::: Data for this task
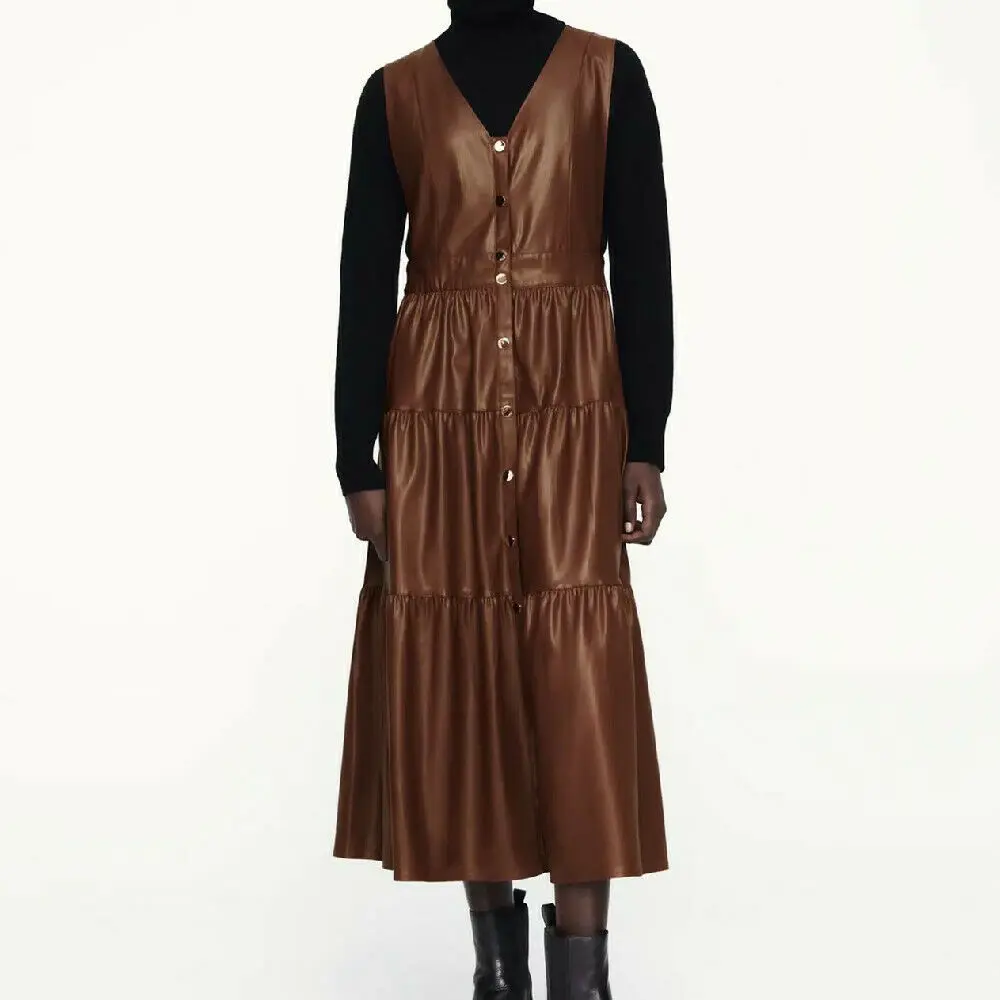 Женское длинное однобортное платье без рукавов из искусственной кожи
::::::
::: Data for this task
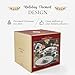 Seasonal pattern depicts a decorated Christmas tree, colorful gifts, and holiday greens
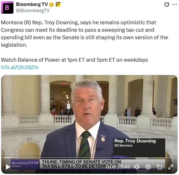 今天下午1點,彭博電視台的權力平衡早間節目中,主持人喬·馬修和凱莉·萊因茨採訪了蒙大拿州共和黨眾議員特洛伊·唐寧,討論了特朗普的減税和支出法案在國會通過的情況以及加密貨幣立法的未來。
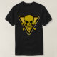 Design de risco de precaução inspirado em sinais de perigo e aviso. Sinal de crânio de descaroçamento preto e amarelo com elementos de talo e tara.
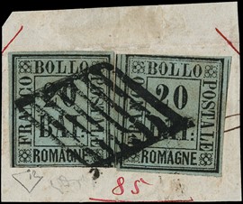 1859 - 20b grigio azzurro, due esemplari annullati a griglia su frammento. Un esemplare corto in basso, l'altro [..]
::::::
Above are records; repeat only the lines from the line with "今天下午1點,彭博電視台的權" through the line with "1859 - 20b grigio", and leave pictures out.

**Output for this task**
 今天下午1點,彭博電視台的權力平衡早間節目中,主持人喬·馬修和凱莉·萊因茨採訪了蒙大拿州共和黨眾議員特洛伊·唐寧,討論了特朗普的減税和支出法案在國會通過的情況以及加密貨幣立法的未來。
 Design de risco de precaução inspirado em sinais de perigo e aviso. Sinal de crânio de descaroçamento preto e amarelo com elementos de talo e tara.
 1859 - 20b grigio azzurro, due esemplari annullati a griglia su frammento. Un esemplare corto in basso, l'altro [..]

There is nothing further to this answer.